涙は止まらない。思い切り声をだして泣いた。切なくて、それでいて温かくて。
「若葉ちゃん」
耳元で彩音姉さんの優しい呼び声がする。姉さんはわたしの横に座って、ぎゅっと肩を抱いてくれた。
わたしは遠慮することなく、姉さんに甘えた。いつもとは立場が逆転。いや、本当はそうじゃない。実際はわたしの方が甘えん坊なんだ。

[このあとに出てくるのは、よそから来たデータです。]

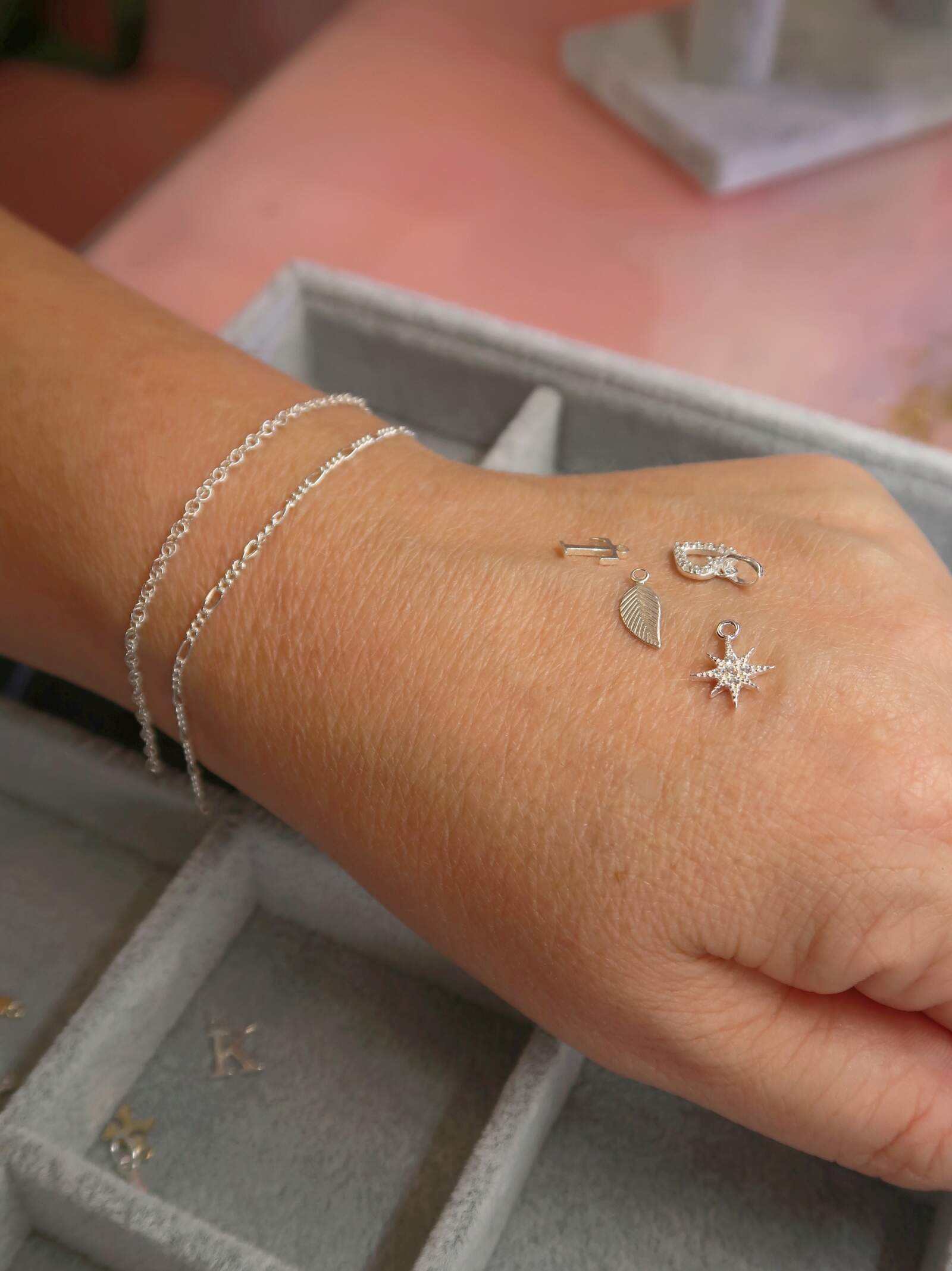 After deciding on your chain and charm combo, Jemma will help you find the perfect fit, which is typically the size of your wrist, plus a finger space. This not only allows the jewellery to hang beautifully, but is done so from a safety point of view, too. For example, if the bracelet was too tight and you had an injury, pregnancy or were sensitive to the heat and it caused swelling, the bracelet could pose an issue. Equally, if it’s too baggy it could catch on things or snag, making it more prone to breaking. Ultimately in these circumstances it’s preferable for the jewellery to break than cause an injury, since it can always be re-welded.
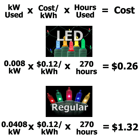 Amount of electricity used. Looking at the box of regular incandescent lights, they use 40.8 watts per 100 light strand (0.0408 kW). The 100-light strand of LEDs used 8 watts (0.008 kW). You should be able to find these on any box of lights, especially the traditional kind as they can draw too much current if you connect too many together.
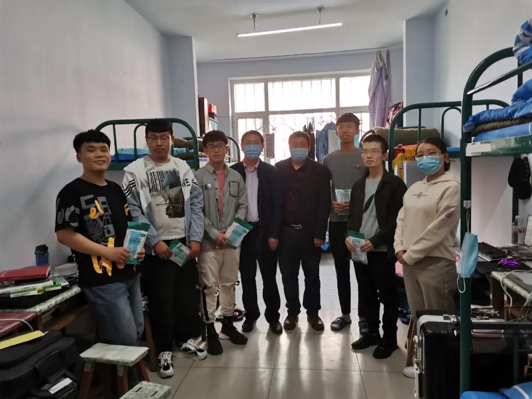 公司党委书记扎其劳教授、党委副书记、副院长季建光老师来到员工宿舍亲切询问员工情况,帮助同学们办理各项手续,搬行李,整理书包,给同学们分发口罩、教材。详细了解员工在家线上学习情况,悉心询问大家的返校生活是否存在困难,并嘱咐同学们有困难随时联系公司辅导员、领导。

普段はしっかりものとして頑張っているけど、そればかりでは疲れてしまう。そんな時、姉さんはいつもさりげなくわたしを甘えさせてくれて、息抜きさせてくれる。
「…………ねえ。昔みたいに、絵本読んでくれない?」
甘えついでにお願いしてみた。すると姉さんは。
「うん。いいわよ」
優しく頷いてくれた。
「でもその前に、若葉ちゃんから貰ったこのリゼで紅茶を淹れるね」
こうしてリゼを使って紅茶をいれなおしたあと、わたしと姉さんは並んで絵本を広げた。
温かい部屋。紅茶の香り。懐かしい絵本。
まるでむかしの時間がそのままよみがえったかのよう。
静かな店内に響く、姉さんの朗読する声が心地よい。
泣き止んだつもりでも、また涙が溢れそうになる。でも、それがとっても幸せなんだから不思議。
この時間、この瞬間は、かけがえのない思い出となって新たに残るだろう。
お互いのプレゼントがもたらした、ささやかな幸せ。
このときわたしは、みつけたのかもしれない。
本当の宝物とは、単純に物とかではなく、それを受け取った時の気持ちなのかもしれないことを。